:: EXCERPTED RECORDS ::
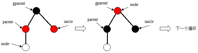 函數(shù)rb_insert_color使用while循環(huán)不斷地判斷雙親結(jié)點是否存在,且顏色屬性為紅色。
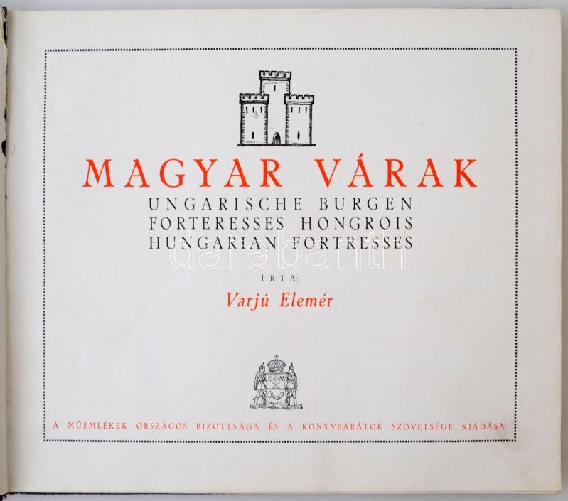 Varjú Elemér: Magyar várak. Ungarische Burgen. Hungarian Fortresses. B... https://www.darabanth.com/en/261-Online-auction/261.0/Books/Books-Architecture-Art~400097/Varju-Elemer-Magyar-varak-Ungarische-Burgen-Hungarian-Fortresses-Bp-en-Kiralyi-Magyar-~II1292128
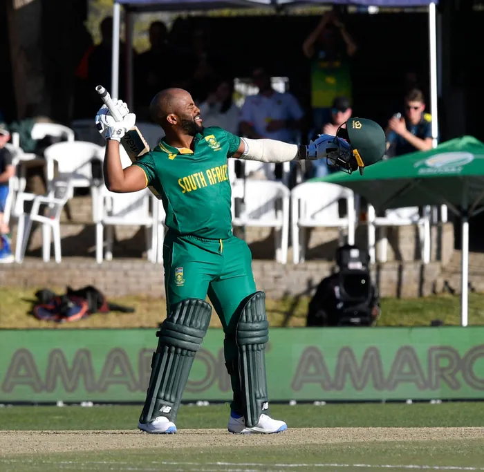 Temba Bavuma of South Africa celebrates scoring 100 runs during the 2023 Betway ODI International Series cricket Match 1 between South Africa and Australia on the 07 September 2023 at Mangaung Oval in Bloemfontein There will be a lot resting on the shoulders of Temba Bavuma as he leads the Proteas in their Cricket World Cup campaign, starting with a clash against Sri Lanka in Delhi on Saturday. Picture: Sydney Mahlangu/BackpagePix
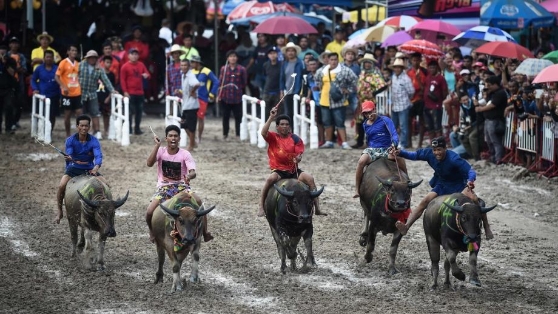 當(dāng)?shù)貢r(shí)間2019年10月12日,泰國春武里舉行一年一度的水牛賽跑,選手騎牛狂奔。
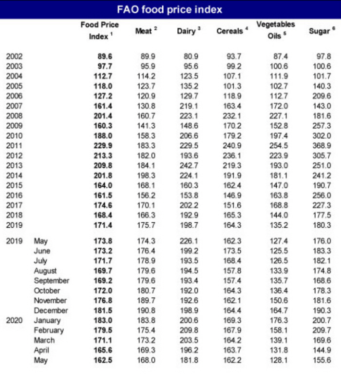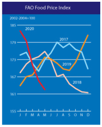 정작 4월과 5월 세계 식량가격은 내려갔다. 곡물, 기름 생산용 종자, 육류와 설탕 등을 종합한 5월의 FAO ‘식량가격지수’는 162.5로 1월의 183.0에서 급락했다. 육류는 올들어 183.8에서 168.0으로, 유제품은 200.6에서 181.8로 떨어졌다. 바이오디젤과 바이오에탄올의 연료인 대두와 옥수수, 사탕수수는 수요가 급감하며 가격이 내려앉았다. 하지만 주곡 값은 변동이 적었고, 쌀값과 밀값은 4월에 다소 올랐다. 베트남과 러시아가 코로나19를 이유로 각기 쌀과 밀 수출을 제한한 탓이다.
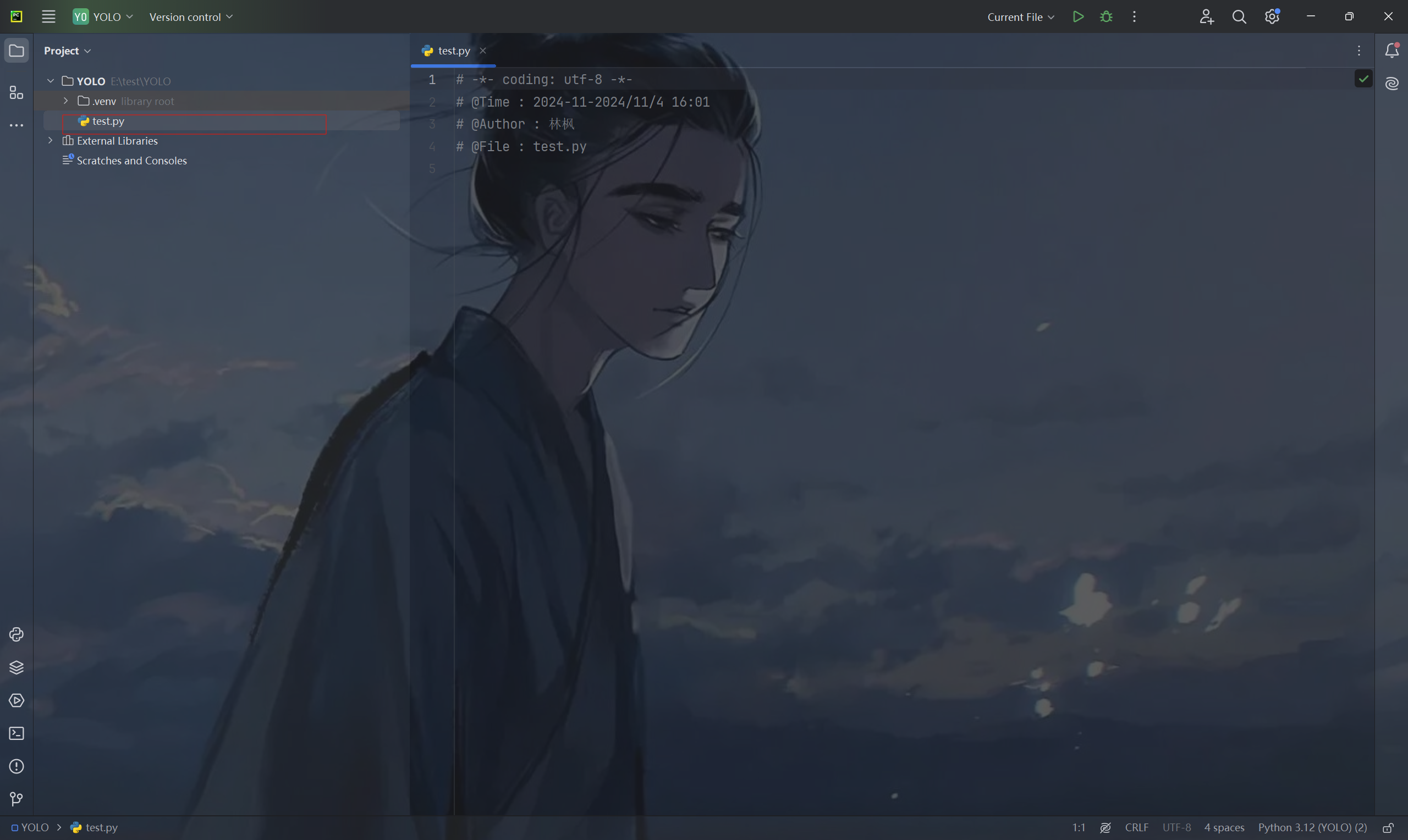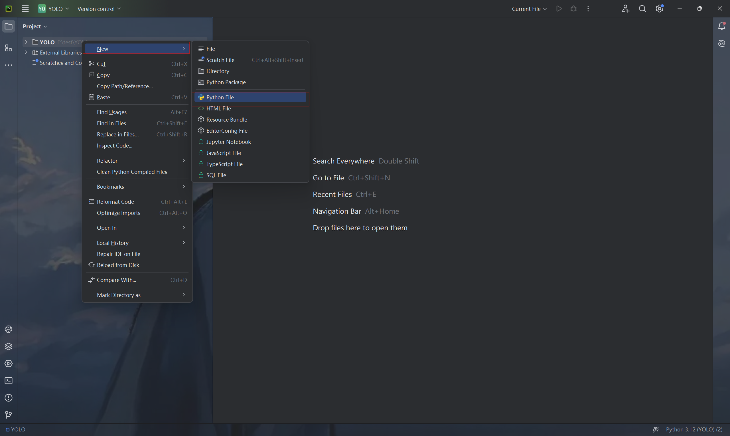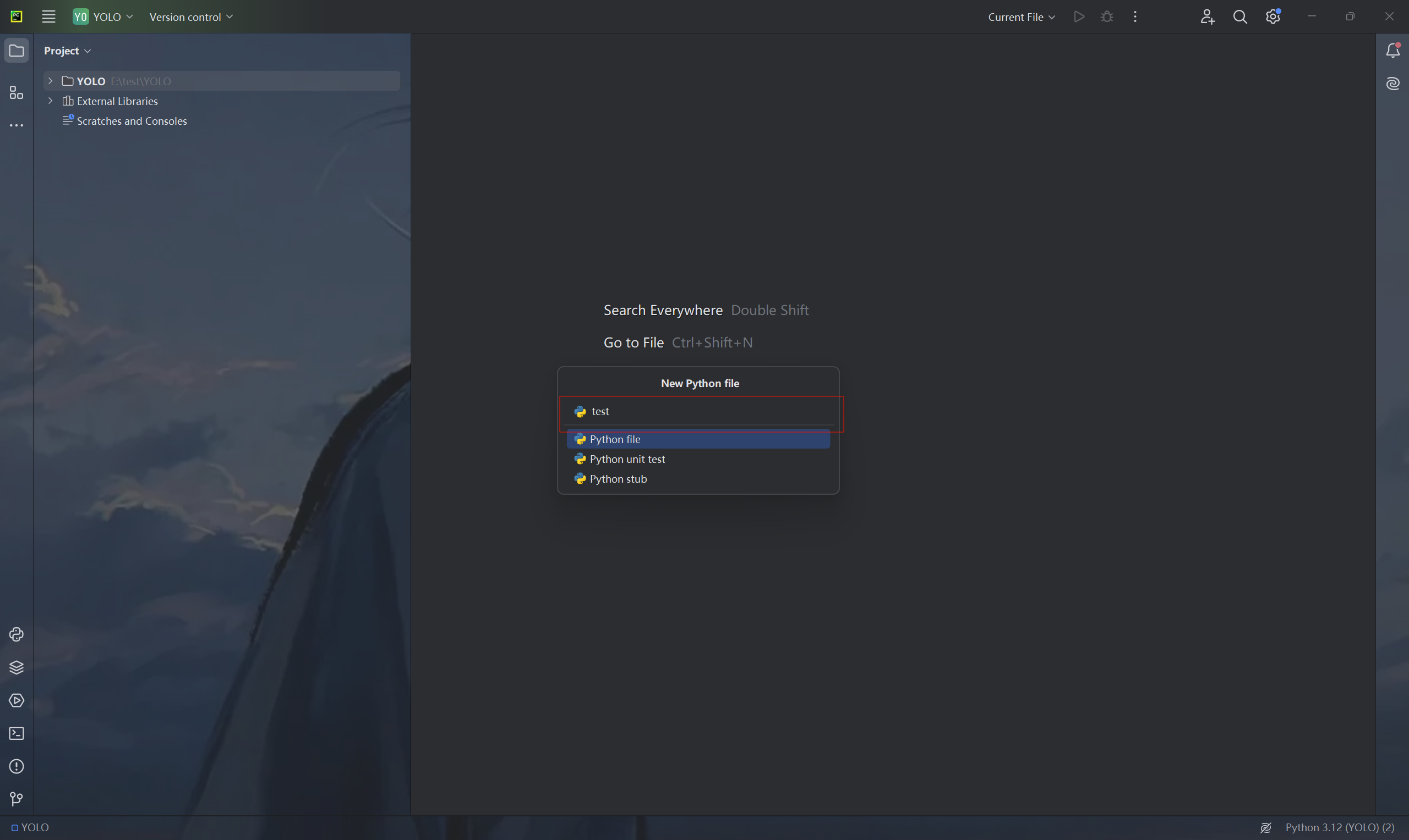 右击YOLO文件夹创建test.py文件
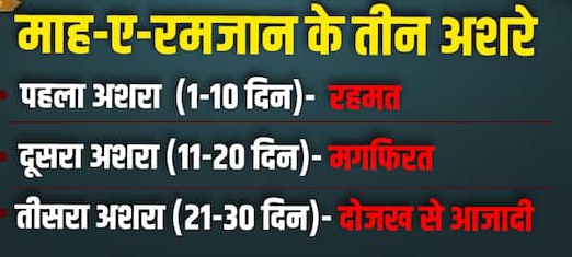 “1.पहला अशरा (रहमत का अशरा)… रमजान के पहले 10 दिन रहमत के होते हैं। इस दौरान रोजा-नमाज करने वालों पर अल्लाह की रहमत होती है। मुसलमानों को ज्यादा से ज्यादा दान कर के गरीबों की मदद करनी चाहिए और हर एक इंसान से प्यार और नम्रता का व्यवहार करना चाहिए।

:: ASSIGNMENT ::
Please retype, exactly and with the pictures left out, the lines from the line containing "정작 4월과 5월 세계" through the last line of the records above.

:: TASK SOLUTION ::
 정작 4월과 5월 세계 식량가격은 내려갔다. 곡물, 기름 생산용 종자, 육류와 설탕 등을 종합한 5월의 FAO ‘식량가격지수’는 162.5로 1월의 183.0에서 급락했다. 육류는 올들어 183.8에서 168.0으로, 유제품은 200.6에서 181.8로 떨어졌다. 바이오디젤과 바이오에탄올의 연료인 대두와 옥수수, 사탕수수는 수요가 급감하며 가격이 내려앉았다. 하지만 주곡 값은 변동이 적었고, 쌀값과 밀값은 4월에 다소 올랐다. 베트남과 러시아가 코로나19를 이유로 각기 쌀과 밀 수출을 제한한 탓이다.
 右击YOLO文件夹创建test.py文件
 “1.पहला अशरा (रहमत का अशरा)… रमजान के पहले 10 दिन रहमत के होते हैं। इस दौरान रोजा-नमाज करने वालों पर अल्लाह की रहमत होती है। मुसलमानों को ज्यादा से ज्यादा दान कर के गरीबों की मदद करनी चाहिए और हर एक इंसान से प्यार और नम्रता का व्यवहार करना चाहिए।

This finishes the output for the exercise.